_Material provided_

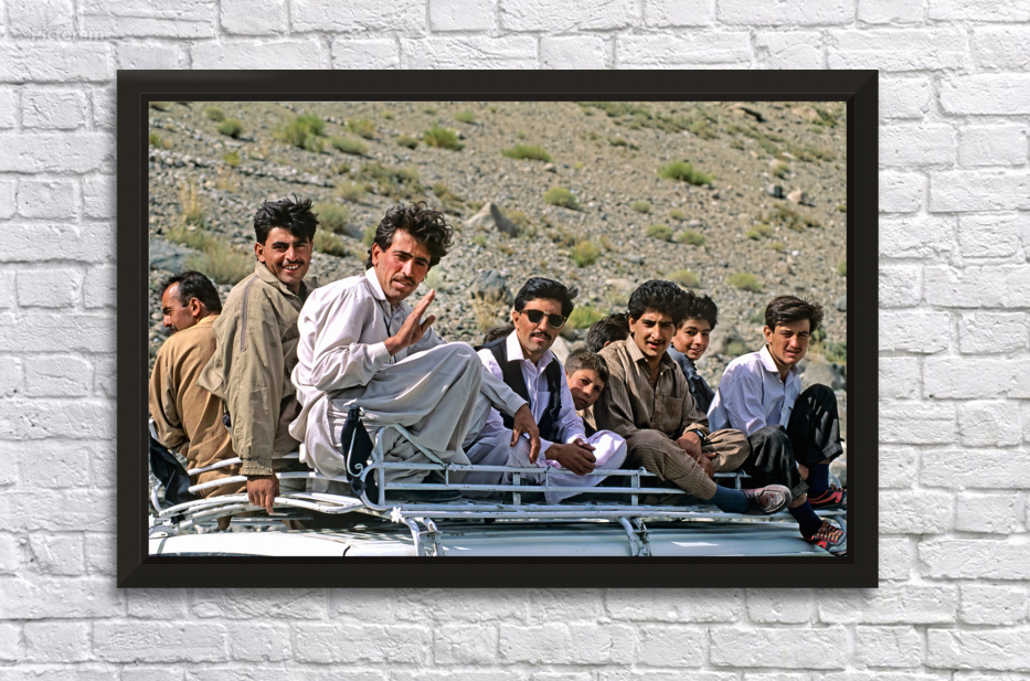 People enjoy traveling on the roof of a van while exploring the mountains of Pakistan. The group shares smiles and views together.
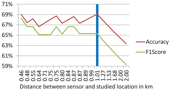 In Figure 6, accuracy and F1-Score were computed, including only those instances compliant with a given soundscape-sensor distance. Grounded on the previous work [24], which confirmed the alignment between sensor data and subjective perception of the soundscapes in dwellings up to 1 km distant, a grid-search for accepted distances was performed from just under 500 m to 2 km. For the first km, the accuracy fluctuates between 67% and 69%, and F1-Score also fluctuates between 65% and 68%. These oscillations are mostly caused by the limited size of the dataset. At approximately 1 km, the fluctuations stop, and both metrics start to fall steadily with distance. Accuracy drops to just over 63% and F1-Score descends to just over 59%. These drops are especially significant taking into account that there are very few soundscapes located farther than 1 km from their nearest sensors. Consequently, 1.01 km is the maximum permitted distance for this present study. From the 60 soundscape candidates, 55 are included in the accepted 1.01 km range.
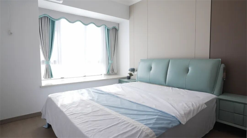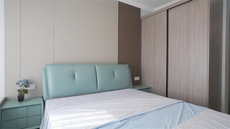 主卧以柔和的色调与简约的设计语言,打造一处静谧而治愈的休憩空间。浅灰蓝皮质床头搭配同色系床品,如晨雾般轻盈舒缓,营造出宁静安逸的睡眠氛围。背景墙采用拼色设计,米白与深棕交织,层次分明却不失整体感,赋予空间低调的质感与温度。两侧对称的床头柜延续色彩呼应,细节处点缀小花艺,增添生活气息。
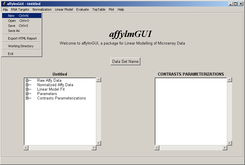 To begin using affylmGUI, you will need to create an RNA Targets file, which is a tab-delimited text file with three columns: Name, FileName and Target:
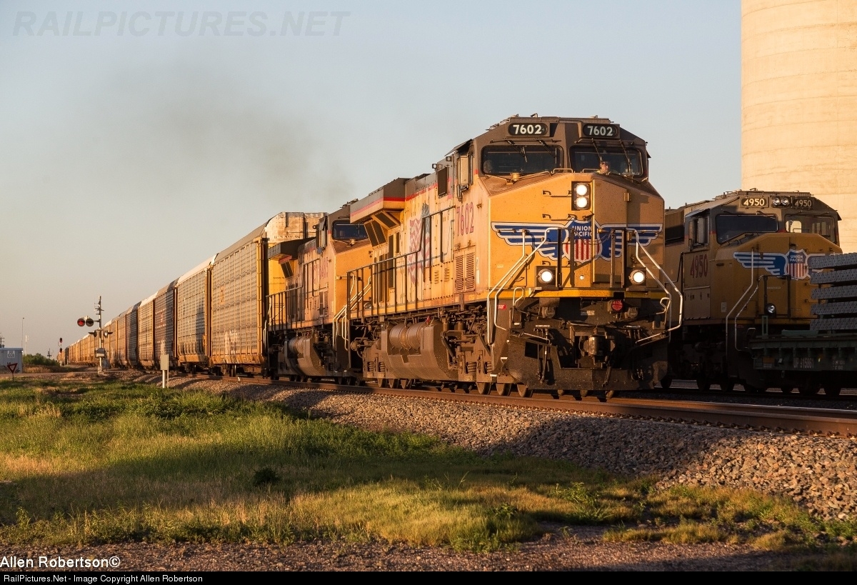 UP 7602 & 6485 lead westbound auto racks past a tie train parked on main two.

_Task to complete_
Everything above should be given again exactly, apart from the pictures.

_Answer to this task_
 People enjoy traveling on the roof of a van while exploring the mountains of Pakistan. The group shares smiles and views together.
 In Figure 6, accuracy and F1-Score were computed, including only those instances compliant with a given soundscape-sensor distance. Grounded on the previous work [24], which confirmed the alignment between sensor data and subjective perception of the soundscapes in dwellings up to 1 km distant, a grid-search for accepted distances was performed from just under 500 m to 2 km. For the first km, the accuracy fluctuates between 67% and 69%, and F1-Score also fluctuates between 65% and 68%. These oscillations are mostly caused by the limited size of the dataset. At approximately 1 km, the fluctuations stop, and both metrics start to fall steadily with distance. Accuracy drops to just over 63% and F1-Score descends to just over 59%. These drops are especially significant taking into account that there are very few soundscapes located farther than 1 km from their nearest sensors. Consequently, 1.01 km is the maximum permitted distance for this present study. From the 60 soundscape candidates, 55 are included in the accepted 1.01 km range.
 主卧以柔和的色调与简约的设计语言,打造一处静谧而治愈的休憩空间。浅灰蓝皮质床头搭配同色系床品,如晨雾般轻盈舒缓,营造出宁静安逸的睡眠氛围。背景墙采用拼色设计,米白与深棕交织,层次分明却不失整体感,赋予空间低调的质感与温度。两侧对称的床头柜延续色彩呼应,细节处点缀小花艺,增添生活气息。
 To begin using affylmGUI, you will need to create an RNA Targets file, which is a tab-delimited text file with three columns: Name, FileName and Target:
 UP 7602 & 6485 lead westbound auto racks past a tie train parked on main two.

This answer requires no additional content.